*Provided entries*.
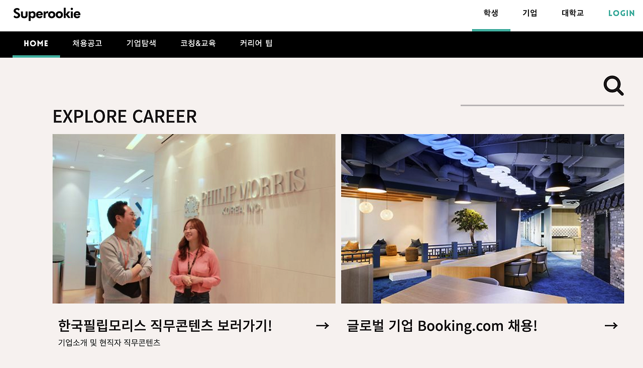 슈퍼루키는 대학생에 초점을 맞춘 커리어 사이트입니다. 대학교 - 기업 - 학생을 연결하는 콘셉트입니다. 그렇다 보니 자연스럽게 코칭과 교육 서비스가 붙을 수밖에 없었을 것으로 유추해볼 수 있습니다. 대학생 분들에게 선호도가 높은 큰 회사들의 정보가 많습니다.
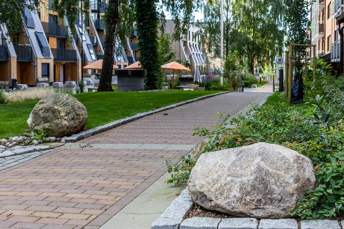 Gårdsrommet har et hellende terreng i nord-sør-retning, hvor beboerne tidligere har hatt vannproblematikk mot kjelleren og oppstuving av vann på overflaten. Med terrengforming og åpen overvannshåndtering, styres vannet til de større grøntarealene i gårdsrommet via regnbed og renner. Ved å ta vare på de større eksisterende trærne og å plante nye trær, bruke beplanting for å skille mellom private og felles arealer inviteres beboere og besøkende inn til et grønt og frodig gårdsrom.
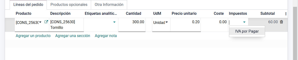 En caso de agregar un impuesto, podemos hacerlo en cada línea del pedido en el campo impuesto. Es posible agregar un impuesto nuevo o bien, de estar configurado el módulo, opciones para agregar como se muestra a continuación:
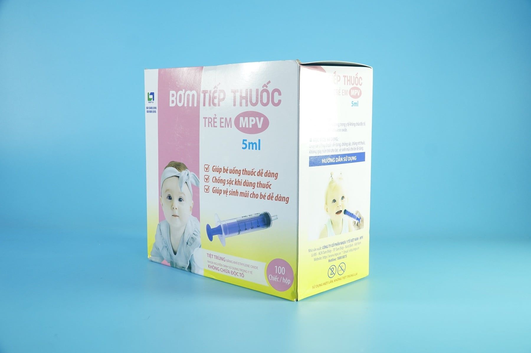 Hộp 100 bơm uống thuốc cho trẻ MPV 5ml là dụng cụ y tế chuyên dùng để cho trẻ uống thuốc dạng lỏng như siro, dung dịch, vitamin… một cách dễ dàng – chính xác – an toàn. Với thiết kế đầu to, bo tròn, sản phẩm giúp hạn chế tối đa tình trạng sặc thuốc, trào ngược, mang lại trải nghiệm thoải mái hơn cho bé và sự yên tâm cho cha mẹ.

* * *

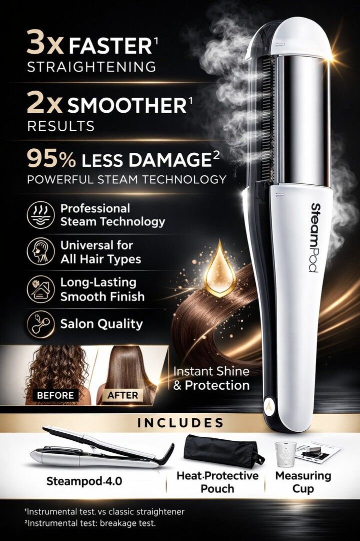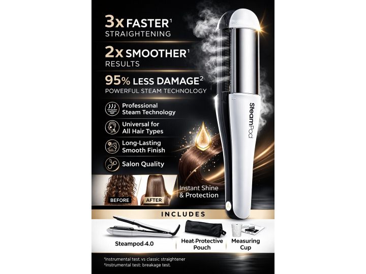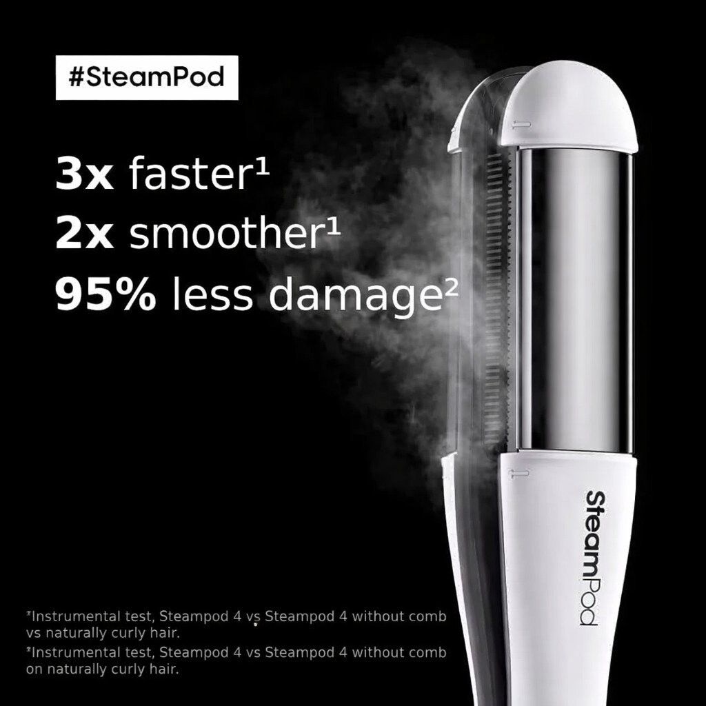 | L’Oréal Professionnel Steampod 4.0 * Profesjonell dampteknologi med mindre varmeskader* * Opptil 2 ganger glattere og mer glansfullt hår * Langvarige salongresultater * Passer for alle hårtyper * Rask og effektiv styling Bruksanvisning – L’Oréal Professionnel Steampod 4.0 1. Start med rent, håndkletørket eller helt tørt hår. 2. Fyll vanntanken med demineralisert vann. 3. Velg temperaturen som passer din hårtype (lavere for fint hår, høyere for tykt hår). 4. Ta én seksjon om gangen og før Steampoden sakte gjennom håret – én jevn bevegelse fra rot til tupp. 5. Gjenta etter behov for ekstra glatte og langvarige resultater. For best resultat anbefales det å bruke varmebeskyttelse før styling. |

*Required action*. Please output the lines above beginning at the line with "슈퍼루키는 대학생에 초점을" and ending after the line with "Hộp 100 bơm", precisely as written and with no pictures.

*Your response*.
 슈퍼루키는 대학생에 초점을 맞춘 커리어 사이트입니다. 대학교 - 기업 - 학생을 연결하는 콘셉트입니다. 그렇다 보니 자연스럽게 코칭과 교육 서비스가 붙을 수밖에 없었을 것으로 유추해볼 수 있습니다. 대학생 분들에게 선호도가 높은 큰 회사들의 정보가 많습니다.
 Gårdsrommet har et hellende terreng i nord-sør-retning, hvor beboerne tidligere har hatt vannproblematikk mot kjelleren og oppstuving av vann på overflaten. Med terrengforming og åpen overvannshåndtering, styres vannet til de større grøntarealene i gårdsrommet via regnbed og renner. Ved å ta vare på de større eksisterende trærne og å plante nye trær, bruke beplanting for å skille mellom private og felles arealer inviteres beboere og besøkende inn til et grønt og frodig gårdsrom.
 En caso de agregar un impuesto, podemos hacerlo en cada línea del pedido en el campo impuesto. Es posible agregar un impuesto nuevo o bien, de estar configurado el módulo, opciones para agregar como se muestra a continuación:
 Hộp 100 bơm uống thuốc cho trẻ MPV 5ml là dụng cụ y tế chuyên dùng để cho trẻ uống thuốc dạng lỏng như siro, dung dịch, vitamin… một cách dễ dàng – chính xác – an toàn. Với thiết kế đầu to, bo tròn, sản phẩm giúp hạn chế tối đa tình trạng sặc thuốc, trào ngược, mang lại trải nghiệm thoải mái hơn cho bé và sự yên tâm cho cha mẹ.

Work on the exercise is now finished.